Adecco Staffing, USA is the second largest provider of recruitment and staffing services in the United States, offering human resource services such as temporary staffing, permanent placement, outsourcing, career transition or outplacement. Based in Jacksonville, FL, it serves small- and mid-sized businesses as well as Fortune 500 companies.
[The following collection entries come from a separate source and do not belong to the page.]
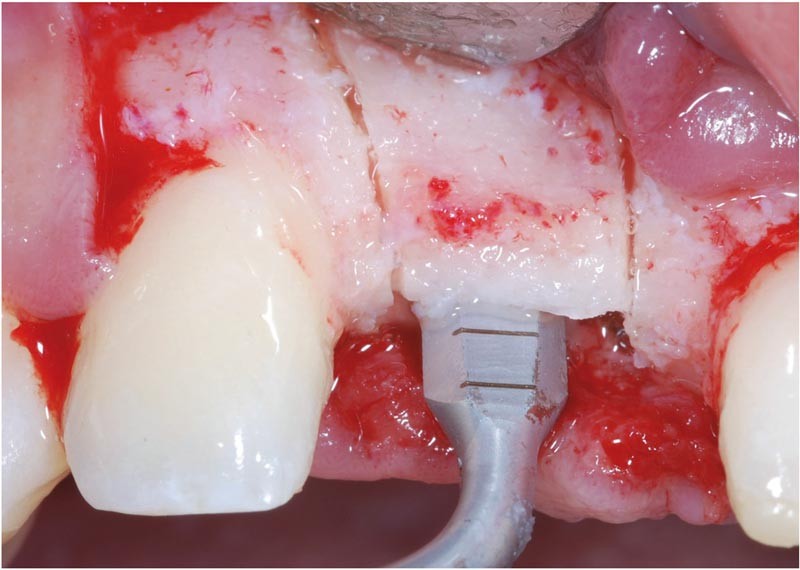 Le principe consiste à réaliser un volet osseux en vestibulaire du site édenté de façon à pouvoir effectuer une expansion de la crête en direction vestibulaire. Une fois cette expansion faite, un forage conventionnel a minima permet la stabilisation primaire de l’implant…
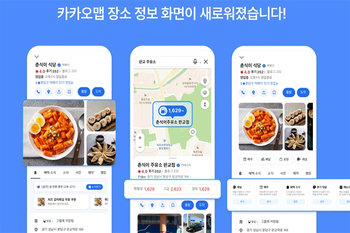 카카오(대표이사 정신아)의 위치 기반 라이프 플랫폼 카카오맵이 '장소상세' 서비스를 개편했다고 1일 밝혔다. 카카오맵 '장소상세'는 특정 장소에 대한 세부 정...
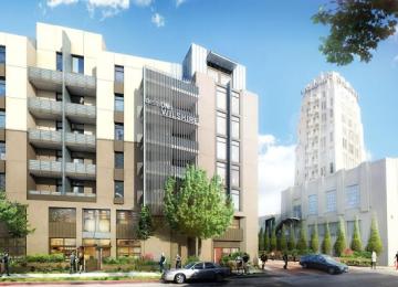 Seven-story complex rising at 5100 Wilshire Boulevard.
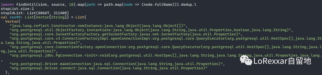 当然这里找到的类是不全的,这里的问题和前面类似。Joern不会解jar包里的jar包,所以无法跟进去分析整个项目的依赖,自然也就没办法找到完整的利用点,这里不赘述了

Adecco Staffing is a subsidiary of Adecco Group North America, which is owned by the Swiss-based Adecco Group. In 2016, Adecco Group was 442 in the Fortune Global 500.

History 
 1996, Staffing service firms Adia and ECCO merge to become Adecco.
 2000, Adecco Group acquires Melville, NY-based Olsten’s general staffing and information technology business for $1.5 billion.
 2009, Adecco made a bid worth $1.17 billion to buy Florida-based MPS Group 
 2014, Adecco Staffing, along with Adecco Group NA, moves its headquarters to Jacksonville, FL, following the October 20, 2009, Adecco Group acquisition of Jacksonville, FL-based MPS Group, Inc.

Services 

Adecco Staffing, USA specializes in temporary staffing, permanent job placement, outsourcing, temp-to-hire, recruiting, career transition (outplacement) services, vendor management services and payroll services.